1. Show graphically the region \( R \) which satisfies the set of inequalities: \( 2 x+3 y \leq 26 \) \( x+2 y \) \( \begin{aligned} & \leq 16 \\ x & \geq 0 \\ y & \geq 0\end{aligned} \)

It seems that the system does not currently support plotting.

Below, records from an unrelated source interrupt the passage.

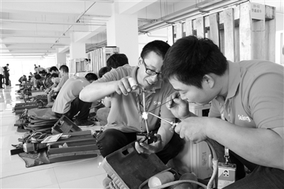 昨天,北京苏宁组织售后服务系统的150名空调安装维修工程师进行了空调服务技能大赛。此次“大练兵”不仅对工程师的职业技能进行全面检验,同时对售后工作人员也进行系统全面的再培训,以满足空调旺销期间的配送、安装服务需求。本报记者 孙妍 摄影报道
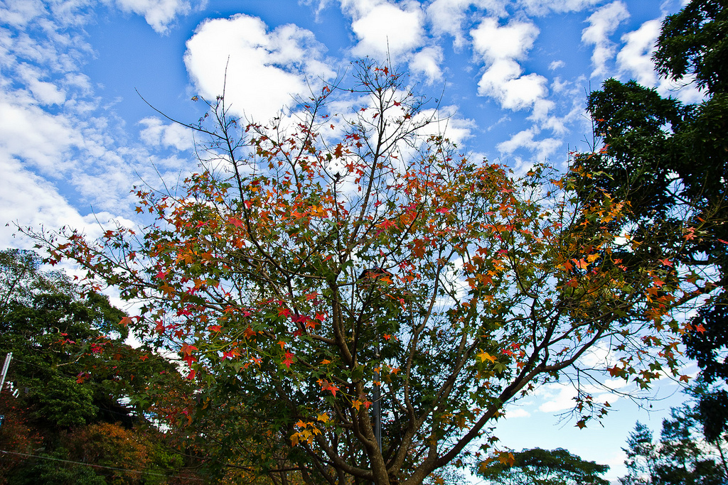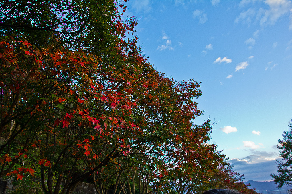 楓葉1/2構圖法,可以更突顯楓葉於樹梢上的美感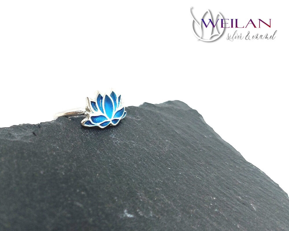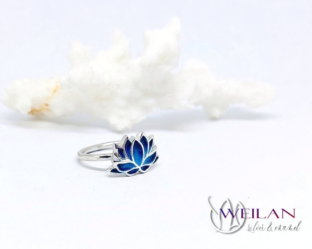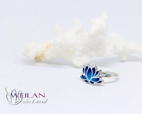 This beautiful 925 sterling Silver lotus ring now shines in shades of turquoise blue — a color symbolizing the triumph of the spirit, wisdom, and clarity of mind.

However, I can guide you through the process of graphing the region \( R \) that satisfies the given inequalities step by step. ### Step 1: Graph the Boundary Lines 1. **For the inequality \( 2x + 3y \leq 26 \)**: - First, find the boundary line by setting the equation to equality: \[ 2x + 3y = 26 \] - To find the intercepts: - Set \( x = 0 \): \[ 3y = 26 \implies y = \frac{26}{3} \approx 8.67 \] - Set \( y = 0 \): \[ 2x = 26 \implies x = 13 \] - The intercepts are \( (0, \frac{26}{3}) \) and \( (13, 0) \). 2. **For the inequality \( x + 2y \leq 16 \)**: - Find the boundary line: \[ x + 2y = 16 \] - To find the intercepts: - Set \( x = 0 \): \[ 2y = 16 \implies y = 8 \] - Set \( y = 0 \): \[ x = 16 \] - The intercepts are \( (0, 8) \) and \( (16, 0) \). ### Step 2: Determine the Feasible Region - The inequalities \( x \geq 0 \) and \( y \geq 0 \) restrict the region to the first quadrant. - The region satisfying \( 2x + 3y \leq 26 \) is below the line \( 2x + 3y = 26 \). - The region satisfying \( x + 2y \leq 16 \) is below the line \( x + 2y = 16 \). ### Step 3: Find the Intersection Points To find the intersection of the two lines, solve the system of equations: 1. \( 2x + 3y = 26 \) 2. \( x + 2y = 16 \) Let's solve this system. 1. From the second equation, express \( x \) in terms of \( y \): \[ x = 16 - 2y \] 2. Substitute into the first equation: \[ 2(16 - 2y) + 3y = 26 \] \[ 32 - 4y + 3y = 26 \] \[ 32 - y = 26 \implies y = 6 \] 3. Substitute \( y = 6 \) back into \( x = 16 - 2y \): \[ x = 16 - 2(6) = 4 \] The intersection point is \( (4, 6) \). ### Step 4: Graph the Region - Plot the lines and shade the regions that satisfy the inequalities. - The feasible region \( R \) is bounded by the lines and the axes, including the intersection point \( (4, 6) \). ### Conclusion The region \( R \) is the area in the first quadrant that is below both lines and includes the intersection point \( (4, 6) \). You can graph this using graphing software or by hand based on the steps provided.